Sometimes I feel like giving up but I am too stubborn to do that, I have always been a fighter and do not wish to change now, but it is getting harder to fight.
Since my two youngest moved back home, it has put a strain on my husband and my relationship with him making comments just about every day, I try not to respond because if I say something back to him, it turns into an argument, so as much as it bothers me, I keep quiet.
Last September I think I fished for 3 days, and once in October. I have been out on my boat one time since then. I took my daughter and sister to an island for a day of fun.
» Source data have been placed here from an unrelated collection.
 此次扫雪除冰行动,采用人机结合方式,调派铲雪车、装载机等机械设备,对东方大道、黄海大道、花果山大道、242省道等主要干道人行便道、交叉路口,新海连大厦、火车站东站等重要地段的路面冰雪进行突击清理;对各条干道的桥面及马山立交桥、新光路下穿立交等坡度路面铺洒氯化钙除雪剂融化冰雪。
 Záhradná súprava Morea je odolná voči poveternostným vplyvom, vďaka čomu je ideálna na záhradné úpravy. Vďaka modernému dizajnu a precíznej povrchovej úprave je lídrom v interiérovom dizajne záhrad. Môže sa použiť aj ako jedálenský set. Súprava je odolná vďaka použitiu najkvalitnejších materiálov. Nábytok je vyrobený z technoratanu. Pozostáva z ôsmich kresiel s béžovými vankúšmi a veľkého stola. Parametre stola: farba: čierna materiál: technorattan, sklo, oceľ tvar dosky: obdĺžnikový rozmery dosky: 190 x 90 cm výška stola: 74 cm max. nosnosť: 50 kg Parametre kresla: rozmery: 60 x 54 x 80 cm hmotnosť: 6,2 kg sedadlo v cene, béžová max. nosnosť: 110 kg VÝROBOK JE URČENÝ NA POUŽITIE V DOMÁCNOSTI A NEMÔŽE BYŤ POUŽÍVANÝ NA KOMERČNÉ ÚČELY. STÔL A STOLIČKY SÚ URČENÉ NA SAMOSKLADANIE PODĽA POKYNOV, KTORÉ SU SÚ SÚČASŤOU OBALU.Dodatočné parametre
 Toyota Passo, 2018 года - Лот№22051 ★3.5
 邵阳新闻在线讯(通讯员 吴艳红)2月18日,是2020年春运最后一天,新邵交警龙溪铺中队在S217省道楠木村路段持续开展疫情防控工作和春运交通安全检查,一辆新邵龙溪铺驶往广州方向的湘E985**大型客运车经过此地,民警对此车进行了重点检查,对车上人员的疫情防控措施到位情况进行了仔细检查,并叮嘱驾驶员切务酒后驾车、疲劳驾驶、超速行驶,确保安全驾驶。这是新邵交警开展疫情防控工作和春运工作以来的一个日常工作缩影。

When I started on Hive, I wanted to write about each day's fishing, what I caught, and what I did each day, plus my daily life so one day my grandkids could read about how my life was. This is why I chose the name @myjob, now I am thinking that I should change my name because I do not know if I will ever be able to fish again.
I know that at the moment, I am feeling down, maybe even some depression but my future as a fisherman is not looking good. For instance, in the last two months, I have found out that I need two surgeries, one on my neck and one on my hand. I also broke my little toe and now on the same foot I tore the toenail off of my big toe, I am sitting here typing this with a brace on my right hand and a bandage on my toe where the doctor removed the toenail. I feel as if my body is falling apart. I know some people will say, well you are old, but until now, I never saw myself as old.
I am not writing this for sympathy, it is just the way I feel at this moment, maybe in an hour or maybe a day or two when I can walk without pain, I will feel differently but right now my future seems to be not the future I envisioned for myself. I am a believer that a day can make all the difference, so I will not give up hope. My favorite saying is "This, too shall pass" and it will, I just need to ride it out.